The factors of the number 65 are – 1, 5, 13 and 65. We can see that there are only 4 factors of the number 65. This means that there are only 4 numbers that divide the number 65 completely without leaving any remainder.
How to verify factors of 65?
Let us now verify the factors of 65.
We shall use the division method for finding the factor of 65
Division by 1
Let us first divide 65 by 1. We know that every number is divisible by 1. So, 1 is a factor of 65. . . . . . . . . . . . . . . . . . . . . ( 1 )
Division by 5
Let us divide 65 by 5. We will have,
65 ÷ 5 = 13
This means that 65 is completely divided by 5 giving a quotient 13 and remainder 0 hence 5 is a factor 13. . . . . . . . . . . . . . . . . . . . . . . . . ( 2 )
So, we have 5 x 13 = 65
Now let us find the factors of 13
Division of 13
We know that 13 is a prime number. This means that there are only two factors of 13, namely 1 and the number 13 itself. Hence, it cannot be further divided into smaller factors. This marks the end of the division for finding the factors of 65. . . . . . . . . . . . . . . . . . . . ( 3 )
From ( 1 ), ( 2 ) and ( 3 ), we have,
The factors of 65 are 1, 5, 13 and 65
Using the Divisibility rule for finding the factors of 65
We know that we have a defined set of divisibility rules that allow checking to check whether a number is a factor of another number or not. Let us use these divisibility rules to verify the factors of 65.

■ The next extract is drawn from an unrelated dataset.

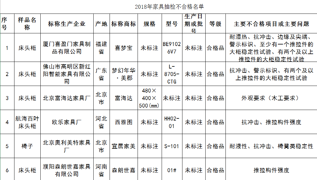 2018年5月,北京市消协发布儿童双层床(母子床)比较试验结果。售价6070元、标称商标为“梦宝(X.M.B)”的一款子母床“上层床安全栏板”、“床铺面”、“边缘及尖端”三个项目不符合标准要求。

| Divisible by | Divisibility Rule | Is 65 divisible by this number? | Reason |
| 2 | If a number is even or a number whose last digit is an even number i.e. 2,4,6,8 including 0, it is always completely divisible by 2. | No | 65 is not an even number |
| 3 | The divisibility rule for 3 states that a number is completely divisible by 3 if the sum of its digits is divisible by 3. | No | 6 + 5 = 11 and 11 is not divisible by 3. |
| 4 | If the last two digits of a number are divisible by 4, then that number is a multiple of 4 and is divisible by 4 completely. | No | 65 only 2 digits which are not divisible by 4, and hence, 65 is not divisible by 4. |
| 5 | Numbers, which last with digits, 0 or 5 are always divisible by 5. | Yes | 65 ends 5 |
| 6 | Numbers which are divisible by both 2 and 3 are divisible by 6. That is, if the last digit of the given number is even and the sum of its digits is a multiple of 3, then the given number is also a multiple of 6. | No | 65 is not divisible by 2 or 3. |
| 7 | The divisibility rule of 7 states that if we get a difference that is also divisible by 7 by subtracting the last digit’s number and 2’s product, then the number is divisible by 7 | No | 65’s last product is 13 which is not divisible by 7 |
| 8 | If the last three digits of a number are divisible by 8, then the number is completely divisible by 8. | No | 65 is not divisible by 8 |
| 9 | The rule for divisibility by 9 is similar to the divisibility rule by 3. That is, if the sum of digits of the number is divisible by 9, then the number itself is divisible by 9. | No | 6 + 5 = 11 and 11 is not divisible by 9. |
| 10 | The divisibility rule for 10 states that any number whose last digit is 0, is divisible by 10. | No | 65 does not end with 0. |
Pairing the Factors of 65
Let us now pair the factors of 65. We know that the factors of 65 are 1, 5, 13 and 65. Now, let us pair these numbers. We know that 1 x 65 = 65 and 5 x 13 = 65. This means that there can be two pairs of factors of 65. These two pairs are ( 1 and 65 ) and ( 5 and 13 ). These pairs of factors of 65 can thus be represented in the below table as –
| Factor of 65 | Pairs of factors of 65 |
| 1, 5, 13 and 65 | First pair – 1 and 65 since 1 x 65 = 65 |
| Second Pair – 5 and 13 since 5 x 13 = 65 |
Now that we know the factors of 65, let us analyse what type of numbers are the factors 65
Prime Factors of 65
We know that a number having only two factors is called a prime number. The two factors are the number 1 and the number itself. For example, consider the number 7. The number 7 has only factors, 1 and the number 7 itself. Therefore, 7 is a prime number. Similarly, the number 11 is also a prime number as it has only two factors, 1 and the number 11 itself. So, does the number 65 have any prime numbers as its factor? Let us find out.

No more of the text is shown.